William’s infancy was an odd paradox. On the one hand, it was infinitely easier to deal with just one baby at a time rather than two. On the other, having two toddlers to manage on top of the baby, with one of them on the autism spectrum, presented its own set of challenges.
But the greatest difference between William and the twins was time—time we simply hadn’t had back in Baltimore. As an employee of the federal government Briana had a fairly generous paid-leave policy to draw on and she ended up taking about four months off following the birth of the twins, half paid, half unpaid. Four months is a lot, relative to the U.S. average. Nearly one-third of employed new moms don’t take any maternity leave at all, according to federal statistics.
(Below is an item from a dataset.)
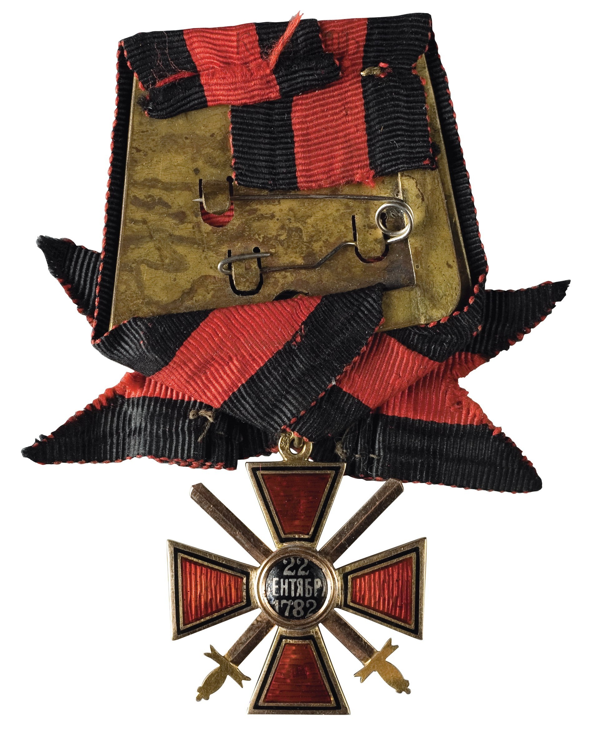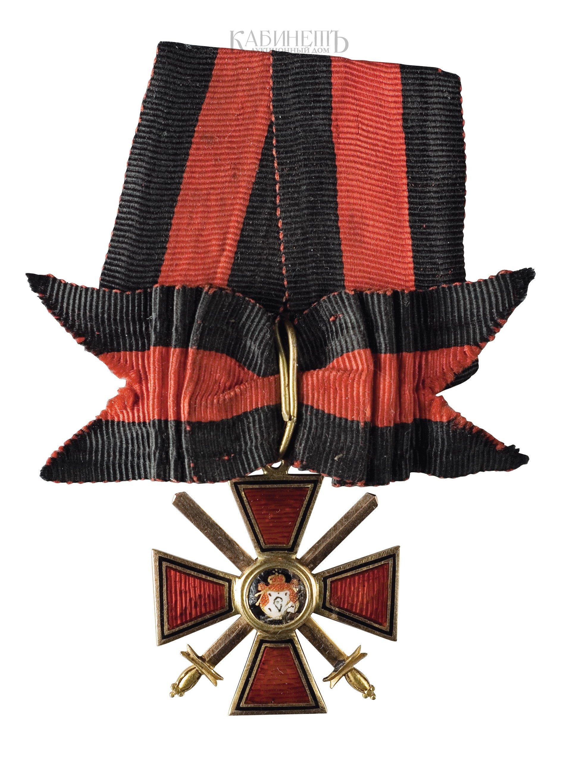 Знак ордена Святого Владимира 4-й степени с мечами на оригинальной колодке

The national average is just ten weeks. Among moms who do take time off, fully one-third are not paid for any portion of their time. The United States is the only country in the developed world, and one of the few in the entire world, that fails to mandate paid leave time for new moms.
Even though we knew we were fortunate, four months still felt like hardly enough time to spend with two tiny babies who had spent the first weeks of their life tethered to machines in an intensive care unit. But with William we didn’t have to make that trade-off. Bri could be here, with him, giving him the direct parental care that he—and all babies—truly need. With William we’ve been able to experience and share his full childhood—the big milestones like walking and talking, of course, but thousands of little ones, too. His joy at seeing one of the cats jump off a table. His wonderment at a truck driving down the street. The touch of his tiny hand on one of our cheeks. The sweet smell of his round little head as he nuzzles into one of our shoulders to drift off to sleep. We felt, and still feel, incredibly fortunate to be able to have these everyday moments. We wish that we lived in a world where we didn’t have to feel privileged to be able to have those moments together.